## AVAILABLE DATA
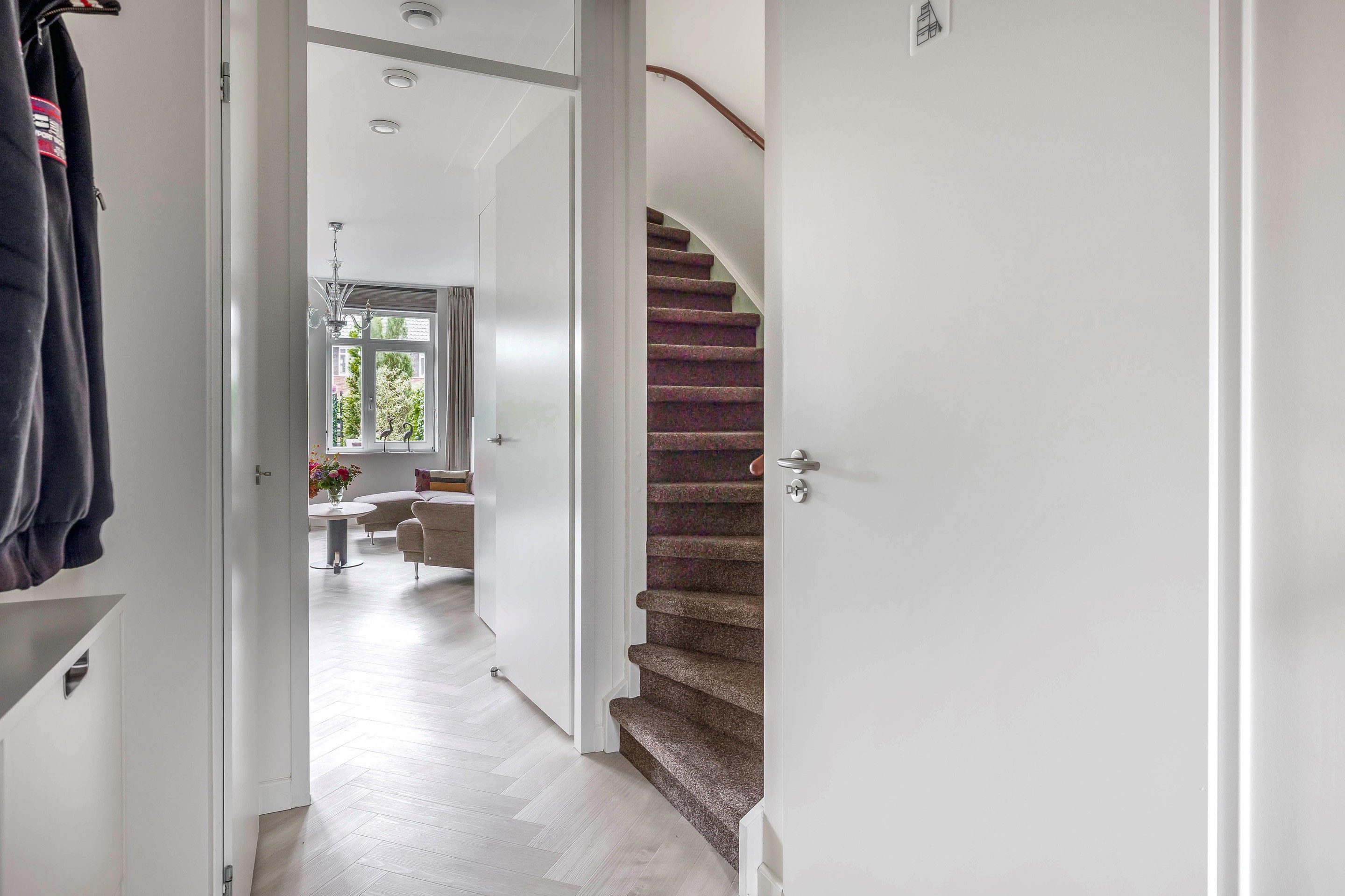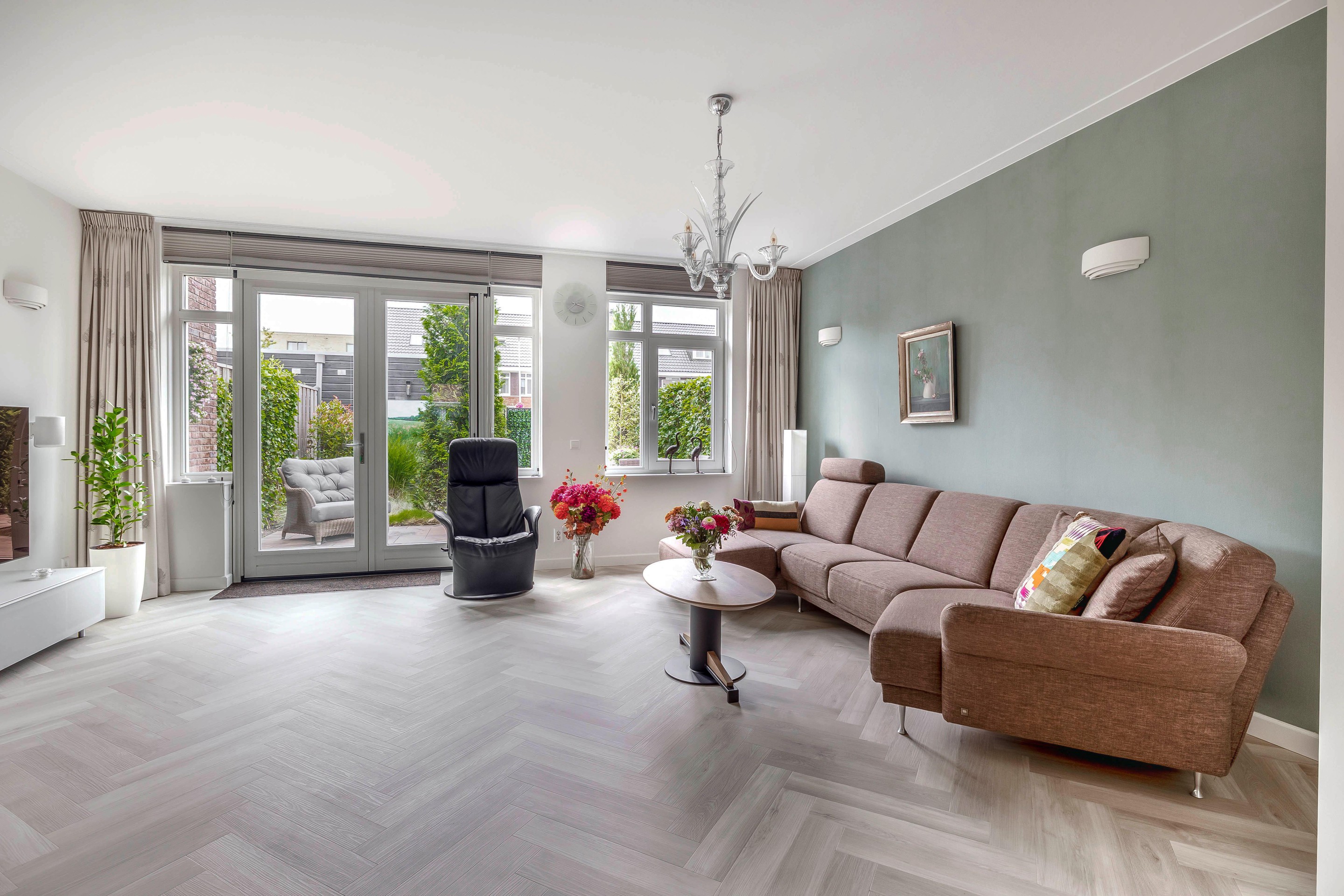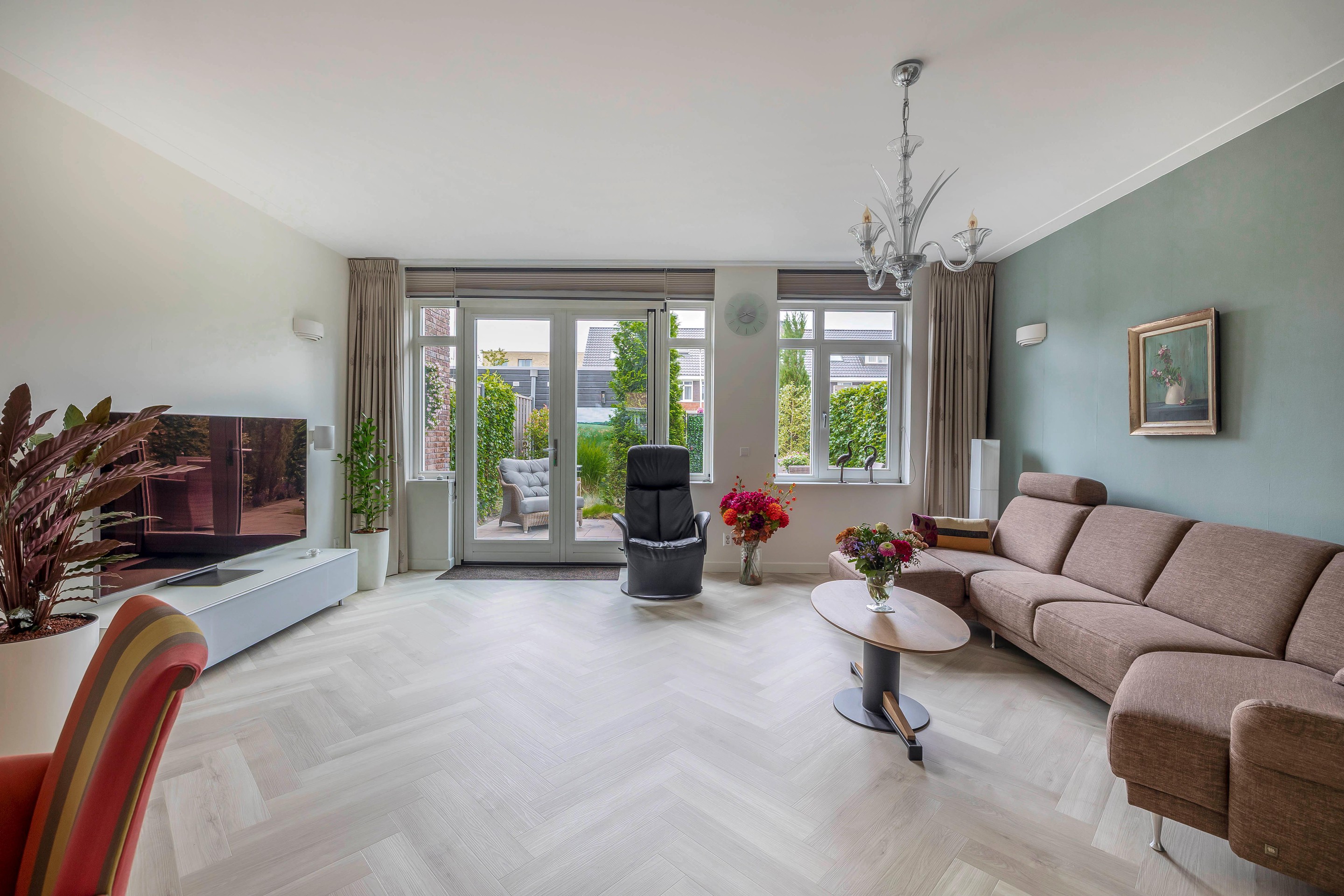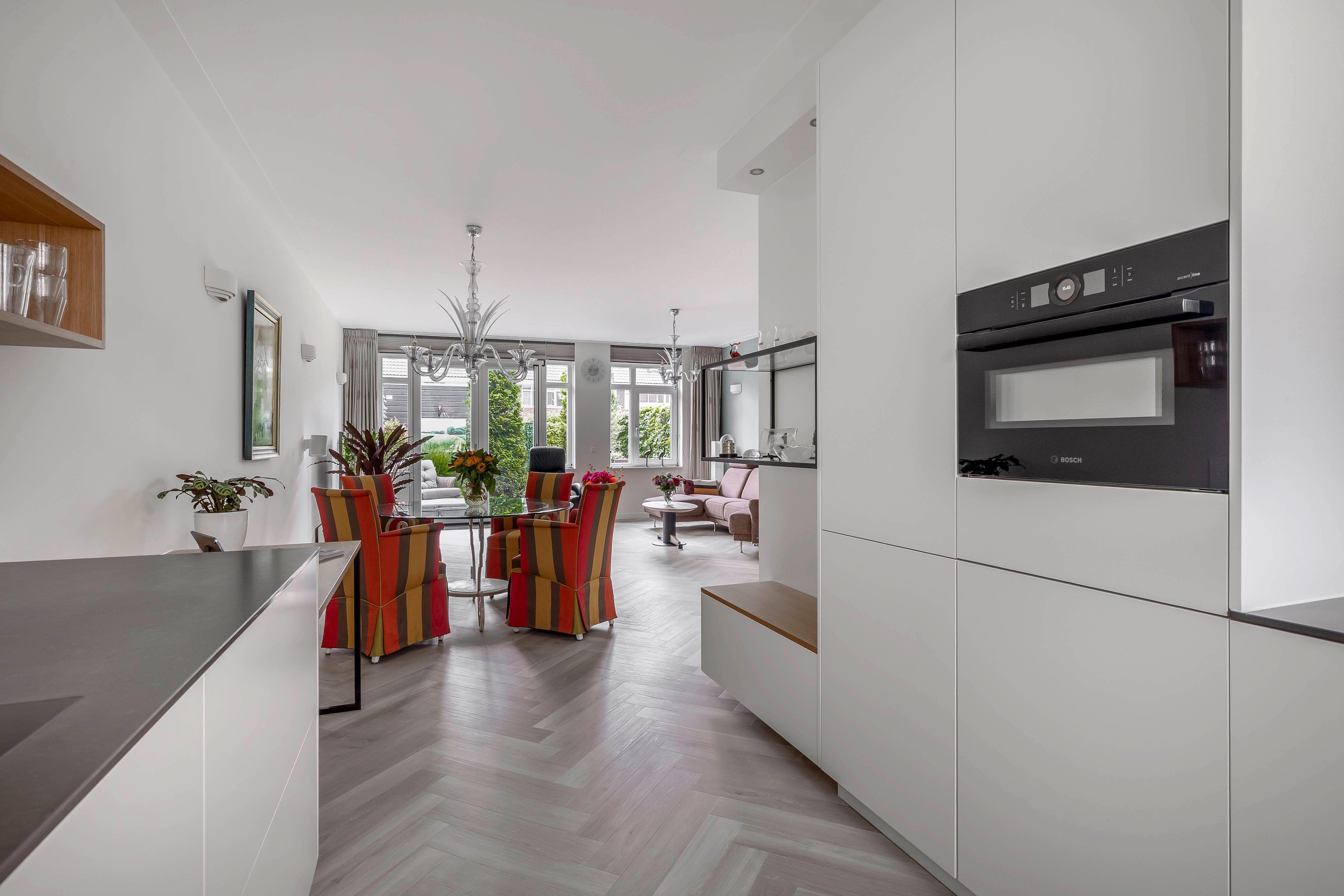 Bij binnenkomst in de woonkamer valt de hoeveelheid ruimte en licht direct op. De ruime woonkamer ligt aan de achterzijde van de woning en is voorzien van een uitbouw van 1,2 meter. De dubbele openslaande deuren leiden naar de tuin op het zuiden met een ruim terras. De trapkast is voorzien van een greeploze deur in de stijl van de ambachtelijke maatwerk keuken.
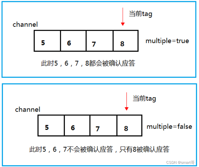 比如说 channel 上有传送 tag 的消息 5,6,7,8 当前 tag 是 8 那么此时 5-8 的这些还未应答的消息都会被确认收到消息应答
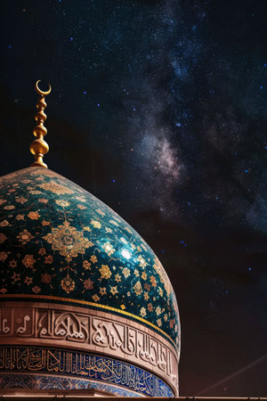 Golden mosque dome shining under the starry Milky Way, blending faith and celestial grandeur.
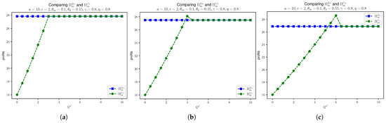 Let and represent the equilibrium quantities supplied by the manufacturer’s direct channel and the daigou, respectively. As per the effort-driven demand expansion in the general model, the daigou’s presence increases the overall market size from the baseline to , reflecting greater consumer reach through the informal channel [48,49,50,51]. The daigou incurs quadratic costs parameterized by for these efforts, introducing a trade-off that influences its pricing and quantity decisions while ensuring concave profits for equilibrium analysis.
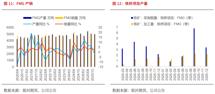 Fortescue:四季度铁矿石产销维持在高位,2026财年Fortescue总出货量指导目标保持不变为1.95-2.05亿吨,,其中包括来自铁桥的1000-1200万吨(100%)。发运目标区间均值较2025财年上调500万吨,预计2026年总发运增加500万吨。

## WHAT YOU SHOULD DO
In the data above, start at the line holding "比如说 channel 上有传送" and stop after the line holding "Golden mosque dome"; write out those lines exactly, without pictures.

## RESULT OF THIS TASK
 比如说 channel 上有传送 tag 的消息 5,6,7,8 当前 tag 是 8 那么此时 5-8 的这些还未应答的消息都会被确认收到消息应答
 Golden mosque dome shining under the starry Milky Way, blending faith and celestial grandeur.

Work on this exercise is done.